Number of students: 2 (but you can apply individually)

Supervised by: Majed El Helou (majed dot elhelou at epfl), Frederike Dümbgen, Ruofan Zhuo

Exploring Beautiful Scenes by Location (Part II)

Synopsis:
Have you ever seen pictures of magnificent scenes online and really wanted to mark them on your bucket list of places to visit but never knew where the photos were taken? Or did you ever want to browse photos geographically? In this project, you will build on top of an already-developed website that has the earlier mentioned features among others. Your goal will be to design an intuitive front end but mainly to develop a suitable gamification to engage the users and encourage them to upload photos.

In this project, you will:
Improve the design of the front end of the website.
Create gamification on top of the tool to encourage user engagement.

Deliverables: Functional user-friendly web tool with suitable gamification.

Prerequisites: The back end was developed using Scala and the Play Framework, you will have a full documentation for all codes.

Level: MS semester project

Type of work: 75% implementation, 25% research.

Number of students: 1

Supervised by: Majed El Helou (majed dot elhelou at epfl), Ruofan Zhuo

Violence Detection in Movies

Description: The goal of this project is to label violent scenes in a given movie by using convolutional neural networks. By defining the violence, the task of violent scene detection is sub-categorized into detection of certain objects e.g. gun and actions e.g. punching. First input video is segmented into the scenes, then salient frames and actions are detected in the scene. Dataset will be collected from several image databases and search engines.

Tasks:

Understand the literature and state of art
Define the violence labels and create training set.
Build CNN model and train the network.
Validate the model and improve the accuracy.

References:

Demarty, C.H., Ionescu, B., Jiang, Y.G., Quang, V.L., Schedl, M., Penet, C.: Benchmarking violent scenes detection in movies. In: 2014 12th International Workshop on Content-Based Multimedia Indexing (CBMI), pp. 1–6. IEEE (2014)

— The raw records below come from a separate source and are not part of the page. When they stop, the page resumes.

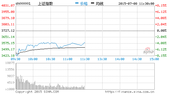 午評:滬指盤中下跌逾8%后探底回升 報(bào)3582點(diǎn)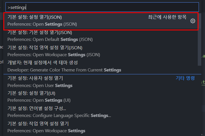 이 글을 읽고나서 혹시나 해서 나의 setting.json을 찾아봤다. F1 key > settings 입력 후 색칠된 메뉴 클릭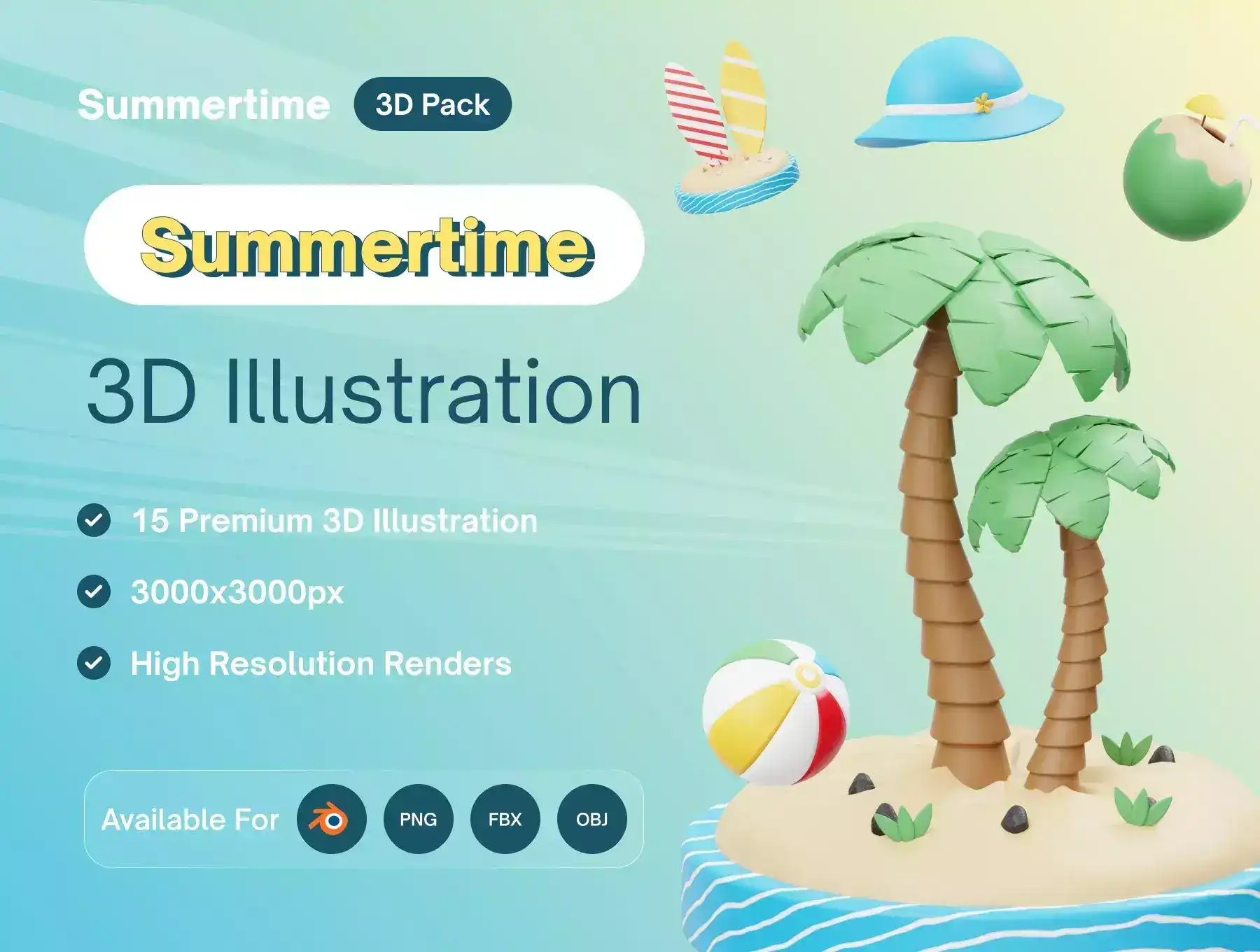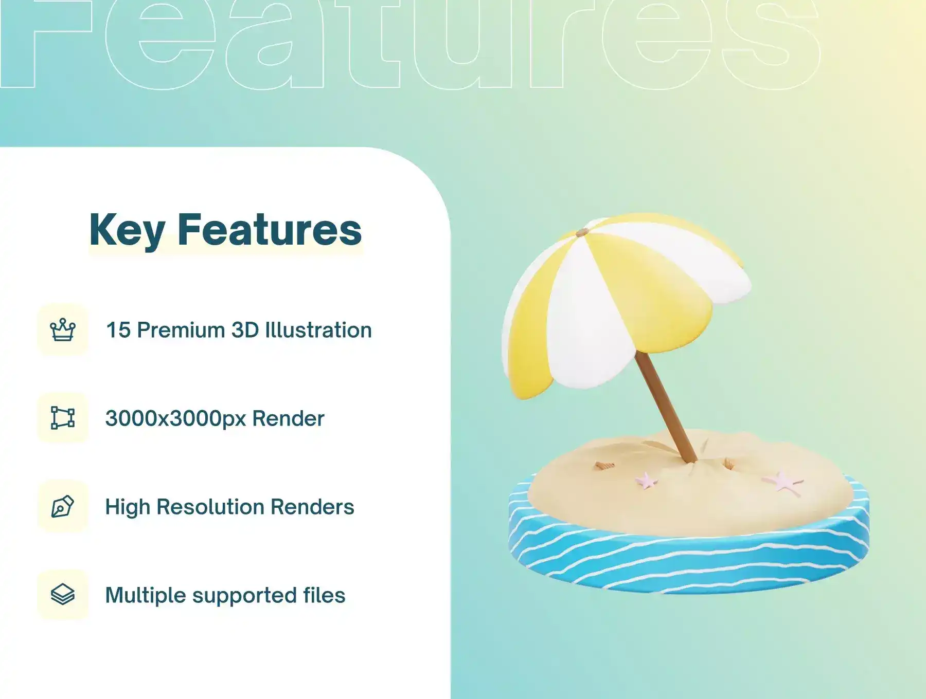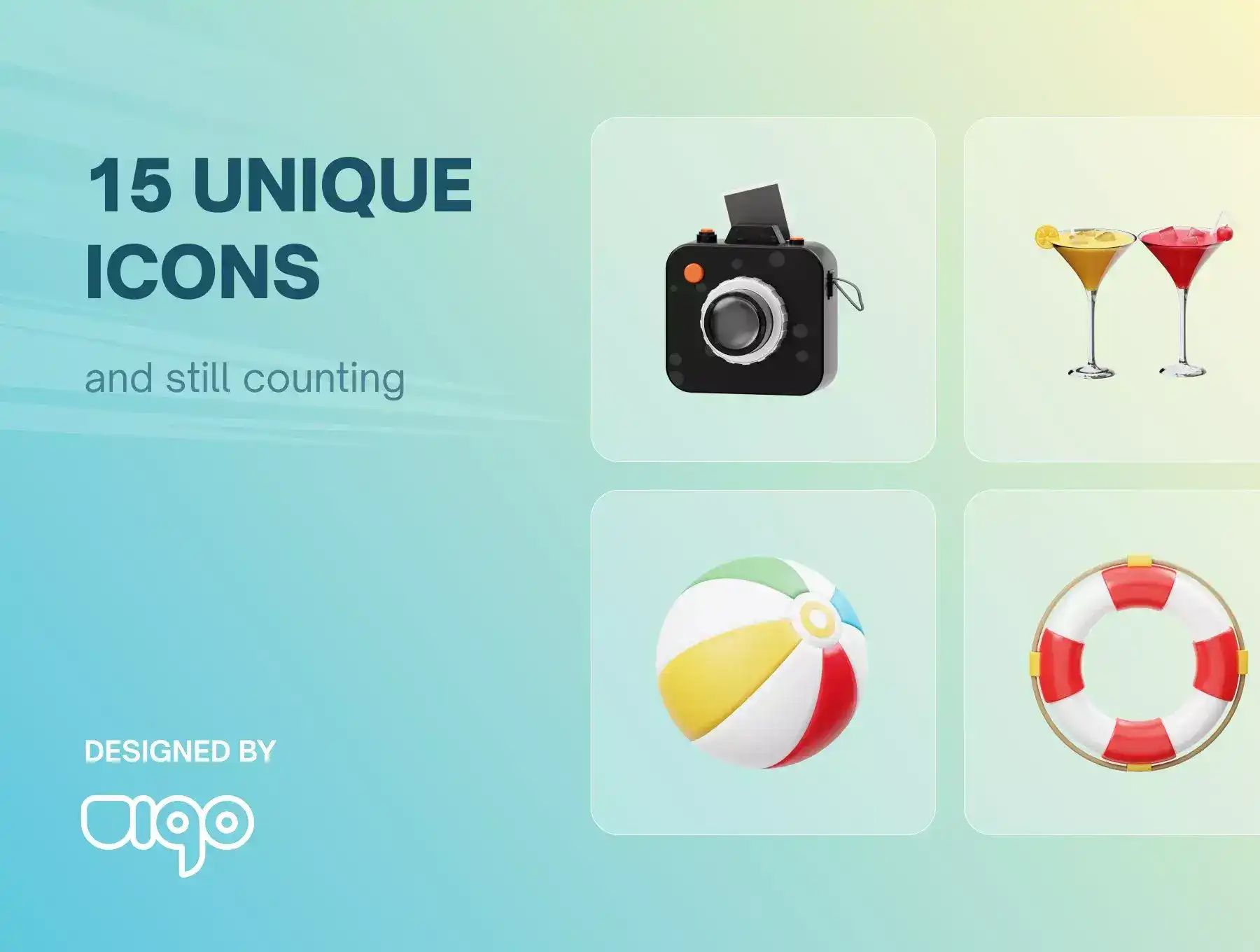 Playingsummertime is a special 3D icon pack suitable for promoting summer vacation services. Make your next products and projects even more stunning with 3D Icons.

Mu G., Cao H., Jin Q. (2016) Violent Scene Detection Using Convolutional Neural Networks and Deep Audio Features

Dai, Q., Zhao, R.W., Wu, Z., Wang, X., Gu, Z., Wu, W., Jiang, Y.G.: Fudan-Huawei at MediaEval 2015: Detecting Violent Scenes and Affective Impact in Movies with Deep Learning

Deliverables: At the end of the semester, the student should provide a framework that automatically detects violent scenes.

Prerequisites: Experience in deep learning and computer vision, experience in Python, experience in Keras, Theano, or TensorFlow

Type of work: 40% research, 60% development and testing

Level: Master

Supervisor: Sami Arpa ([email protected])

Genre Detection in Movies

Description: The goal of this project is to infer genre of each scene in a given movie by using convolutional neural networks. By defining the genre, the task of genre detection is sub-categorized into detection of certain objects e.g. spaceship for science-fiction and actions e.g. laughing for comedy. First input video is segmented into the scenes, then salient frames and actions are detected in the scene. Dataset will be collected from several image databases and search engines.

Tasks:

Understand the literature and state of art
Define the violence labels and create training set.
Build CNN model and train the network.
Validate the model and improve the accuracy.

References:

Sivaraman, K. S., and Gautam Somappa. “MovieScope: Movie trailer classification using Deep Neural Networks.” University of Virginia (2016).

Simões, Gabriel S., et al. “Movie genre classification with convolutional neural networks.” Neural Networks (IJCNN), 2016 International Joint Conference on. IEEE, 2016.

Deliverables: At the end of the semester, the student should provide a framework that automatically detects genre of each scene of a given movie.

Prerequisites: Experience in deep learning and computer vision, experience in Python, experience in Keras, Theano, or TensorFlow

Type of work: 40% research, 60% development and testing

Level: Master

Supervisor: Sami Arpa ([email protected])

Rectification of a security image on an Android smartphone

Description:

Document authentication by a smartphone requires the perspective distortion rectification of the captured image. Such a perspective distortion rectification has been implemented on a PC by running matlab. Very good accuracies have been obtained. The project consists now in implementing the proposed rectification method on an Android smartphone, by embedding it into the real-time software for the recovery of hidden watermarks.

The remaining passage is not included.